This command can be set to show uncollapsed (default) or collapsed data (with type option -t2), and with -r for a chromosomal region defined by two coordinates. A particular display window can be chosen (option -w), but normally the default sequence is shown: first a display of all reads, then of discarded, unspecific reads and last, a third window with the remaining, specific reads. Option -s can be used to select a particular set of samples.

Below is illustrated how bedgraph representations differ between a genome browser like IGB (left) and Coalispr (four panels on the right, the top two from a run with command showgraphs -c1 -w4 and the bottom two from a run in a separate terminal with options -c1 -t2 -w4). They provide complementary insights. The 1 nt resolution of IGB allows detection of precise boundaries, while Coalispr provides the ability to quickly load all samples and compare them in one go. For example, it is easy to enlarge the genomic context of the transposon with the CNAG_00814 transcript (with the ‘Zoom rectangle’ tool draw a box inside the middle segm. bar spanning the region of interest around 2,500,000) [12]. In the upper section uncollapsed data traces with predominant anti-sense peaks in comparison to the collapsed data below [11] are shown.
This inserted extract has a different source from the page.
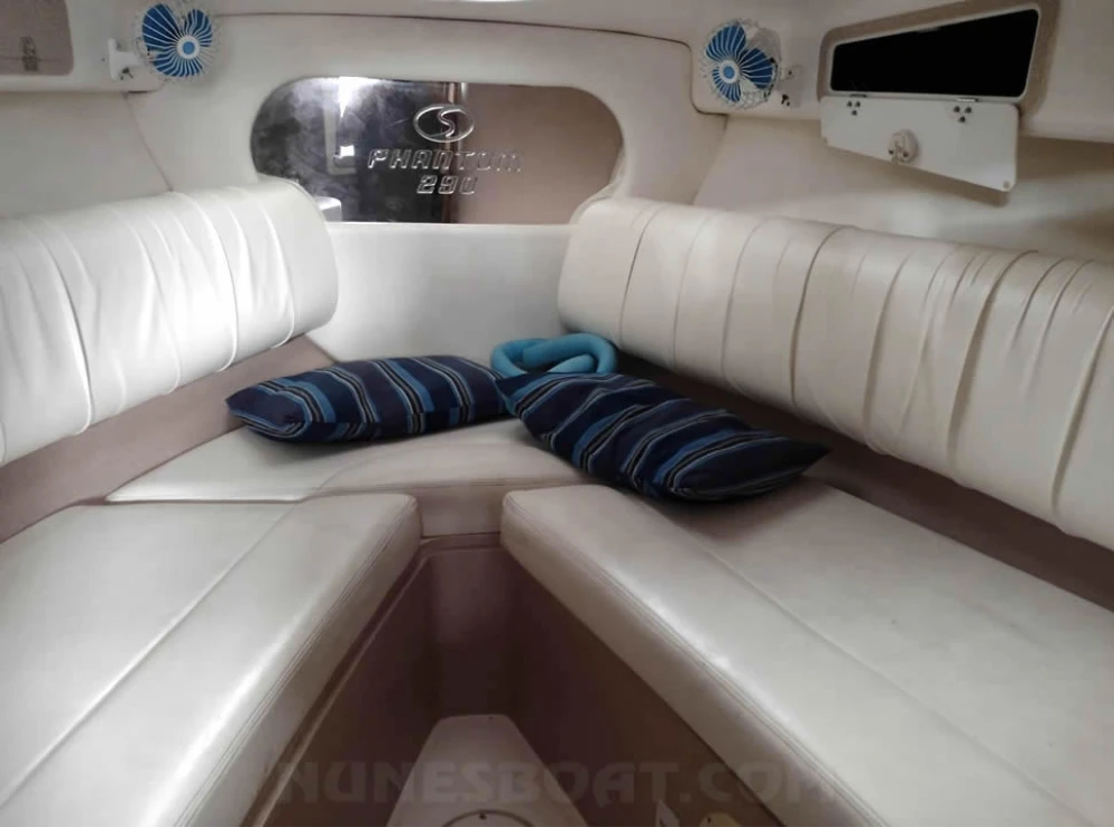 CÓD 4460 PHANTOM 290: schaefer yachts, 2004, 2x mercruiser 1.7 120hp, diesel, 100hs de uso, 27 top e 16 cruzeiro, rabetas alpha one, âncora, antena de vhf, bomba de água doce, (2) bomba de porão, bússola, buzina, capota, carreta de encalhe, chuveiro de popa, (10) coletes, (4) defensas, direção hidráulica, flap hidráulico, geleira, gps c/plotter, rádio vhf, sanitário elétrico, som, sonda, teca original, (3) ventiladores... F/c. Nunes (13)99706-0395

From one Coalispr display, different images can be output, depending on which highlights and traces have been toggled to be shown: both kinds of representation reveal a difference between various mutants, with rde1, rde3 and rde5 signals matching those of the negative control background (red); the rde2 signals are halfway the background and those for the wild type (blue), while the rrp6 profile deviates in both signal height and coverage. Sharp troughs in traces displayed by Coalispr match introns in the genome browser, showing that RNAi is mostly directed at spliced RNA transcripts, contrary to the model proposed by [Dumesic-2013] et al. [13].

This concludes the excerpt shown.